A brand that cares about its customers is a pillar to a product's success.

User Experience is important, don't get us wrong - but without good Customer Experience - it's not worth anything⠀

Don't believe us? Ask a family member or a friend why they stuck with a particular subscription service for the last few years, in spite of there being competitors, what do you think they would say? (with exception of it being "the only one"!)⠀

A) "The primary action button was a call-to-action so I bought in and now I'm a customer with a good LTV" or⠀
B) "They really care about my needs and issues", "Whenever I've had a problem, they've resolved it immediately" or "They make things really simple for me so I don't have to put too much work to get it running"⠀

Of course there are many other responses, but you know everything under B) and the vast majority of other responses you'd receive are as a result of good CX.

(We also know that first response seems a little ridiculous, but we hope it makes our point a bit clearer)

Pour all of your focus into getting this right initially, then focus on those A/B tests, feedback forms and research groups. If you don't create a warming environment for your customers, they'll never get a chance to use that awesome form layout you designed and proposed 20 revisions to!⠀

And once again, don't get us wrong, UX is massively important! Just give a moment to your making your customers feel loved... It's the foundation we build our own community on. Care and support.⠀

So how do I implement CX in my product?

This is a bit of a gray area, so bare with us.

For us, empathy for the end consumer is the #1 skill you need to deploy to create good UX.

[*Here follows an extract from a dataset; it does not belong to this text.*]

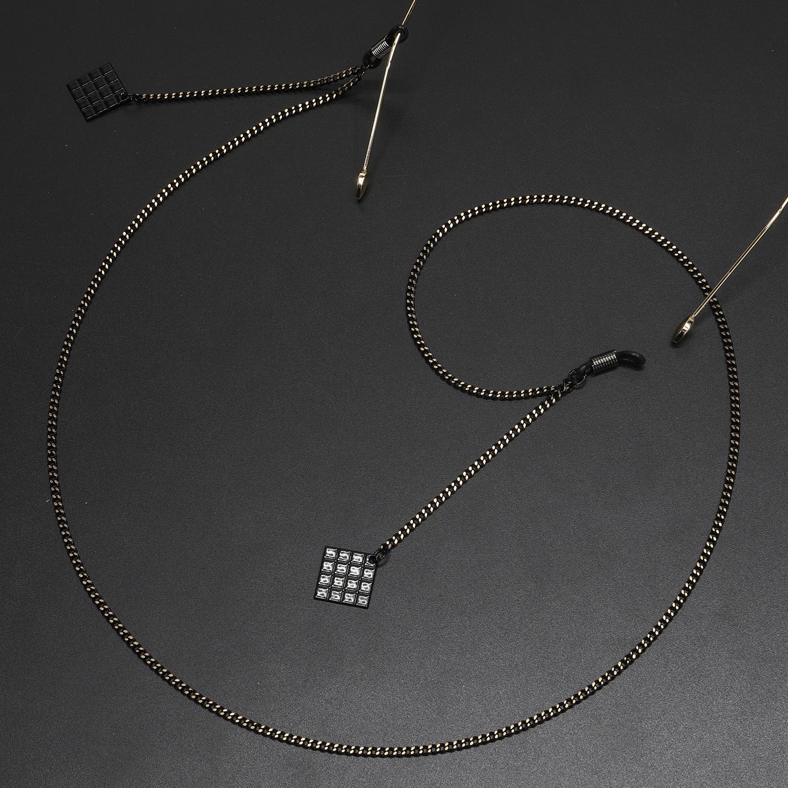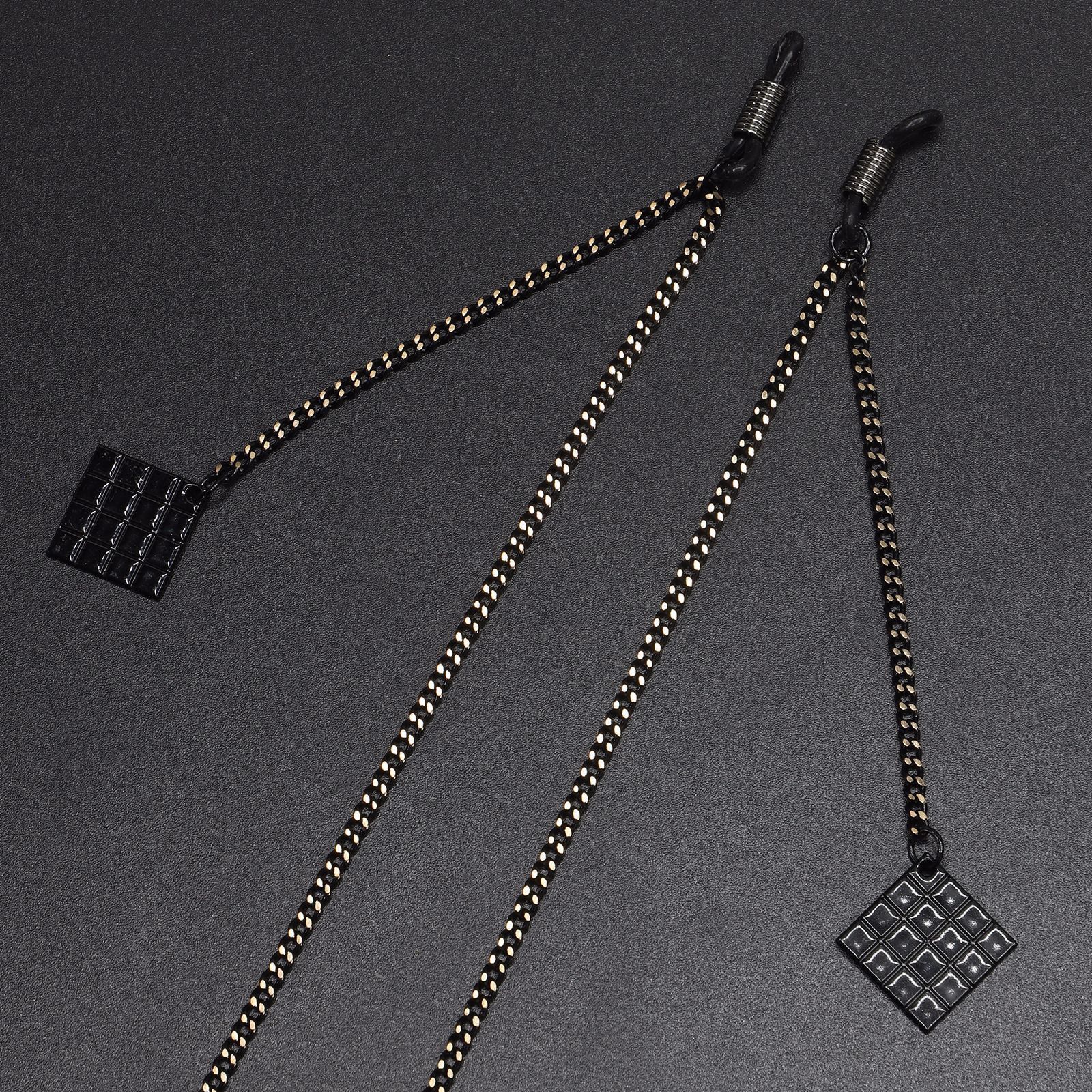 Металлическая нескользящая цепочка черного цвета, с подвеской черный квадрат, для очков и масок GL489
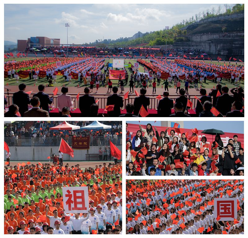 “我和我的祖国,一刻也不能分割……”悠扬的歌声拉开了开幕式的表演,全校师生挥舞着手中的五星红旗,用一场洋溢着青春和爱国热情的快闪,演绎了一曲《我和我的祖国》,献礼新中国70华诞。

  • Empathy for when they read a social media post and comment and don't get a response
  • Empathy for when they visit your website and suffer incredibly slow loading speeds
  • Empathy for when a customer access a free trial
  • Empathy for when a customer is worried about forgetting about that trial date and having their card charged
  • Empathy for when they find your pricing plans really confusing ("can't they have just made this simpler")?

These are just a handful of possible "CX smells" for your business, and there are of course thousands more that are contextual to every individual business out there.

If you or a team member has a strong sense of empathy, and can deploy this in context of the application / brand / service you are providing, CX improvements immediately become more accessible.

How well known is Customer Experience? We want to know...

Is CX something you've given serious consideration to for your product, brand or service? Is it something you've even heard of before? We're really curious to see.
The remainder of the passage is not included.